Sarah Whedon remembers discovering the Free Farm Stand on a Sunday after moving from Boston. There, in the middle of a park on 23rd and Treat streets, volunteers were giving away fresh local produce to those in need. “We moved to the right place,” Whedon recalls telling her husband.
To other neighbors, however, the stand is a nuisance, getting in the way of children at play and the birthday parties held in the gazebo in Parque Niños Unidos. “It’s nice to have open space to play with a ball,” said Jackie Goeldner, a neighbor and parent of two children as she gestured toward the green field near where the stand operates from 1 to 3 p.m. on Sundays. “A lot of parks close by don’t really have that.”
Patricia Delgado, who lives across the street, said that the “stand started as one table. Now it’s taking over more of the space that park users would have access to.”
So far, the San Francisco Recreation and Park Department agrees with those opposed to allowing the stand to stay in the park. Park officials recently sent a letter asking the operators to relocate within 30 days. On Sunday the stand will be set up on the sidewalk outside the park.

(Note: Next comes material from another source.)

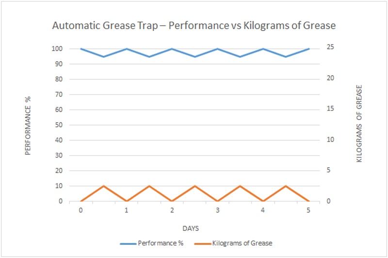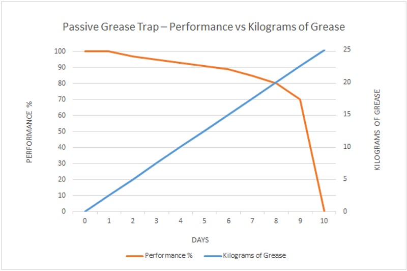 The graphs below give a visual representation of performance vs kilograms of grease based on 25kg traps connected to equipment producing 2.5kg of grease per day:

Jack Brown, a father and nearby resident, doesn’t understand the opposition. “As far as I can tell, it probably wasn’t parents of small kids, because it doesn’t infringe on the play area.” Brown visits the park several times a week and has never heard fellow parents speak negatively about the stand.
Wheldon agrees. “Having access to free organic produce is a really valuable thing,” she said as she watched her daughter play on the jungle gym. Wheldon said she and her daughter sometimes volunteer there. If it ends, “I’d miss the resource-sharing and community.”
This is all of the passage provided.